I clearly remember the hair products I used when I first went natural eight years ago. There was Shea Moisture Curl Enhancing Smoothie, which I used to hydrate and define my curls. Carol’s Daughter’s Black Vanilla line was my go-to for shampoo and conditioner. And, finally, I became so attached to EcoStyler Gel that I slipped a large olive-colored ball into a ziplock bag and carried it to Spain, where I studied abroad for four months.

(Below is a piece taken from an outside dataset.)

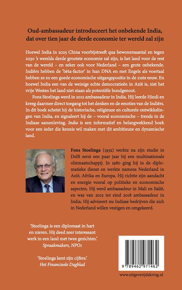 Fons Stoelinga werd in 2012 ambassadeur in India. Hij leerde Hindi en kreeg daarmee direct toegang tot het denken en de emoties van de Indiërs. In dit boek schetst hij de historische, religieuze en culturele ontwikkelingen van India, en signaleert hij de - vooral economische - trends in de Indiase samenleving. INDIA is een informatief en belangwekkend boek voor een ieder die kennis wil maken met dit ambitieuze en dynamische land.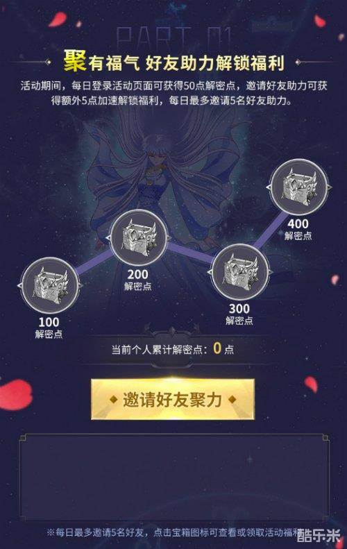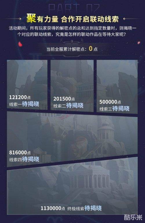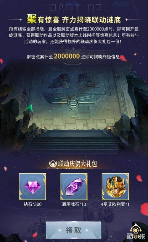玩家每天登录活动页面聚力小宇宙可获得解密点,当所有玩家的解密点总和达到一定值时,可以解开一个联动线索,解开所有线索后,不仅联动作品的真面目会被揭开,参与活动的玩家还能获得联动庆贺豪华礼包哦,快叫上好友一起助力参与吧!

This product obsession is not specific to me. Hair care products are and always have been essential to the natural hair community. When the movement first started, the obsession was fueled by a lack of options. Black women made hair solutions in their kitchens. When early entry black-owned brands like Kinky-Curly and Miss Jessie’s arrived, natural products suddenly had effective products designed specifically to pop washes and backslides, twists and braids.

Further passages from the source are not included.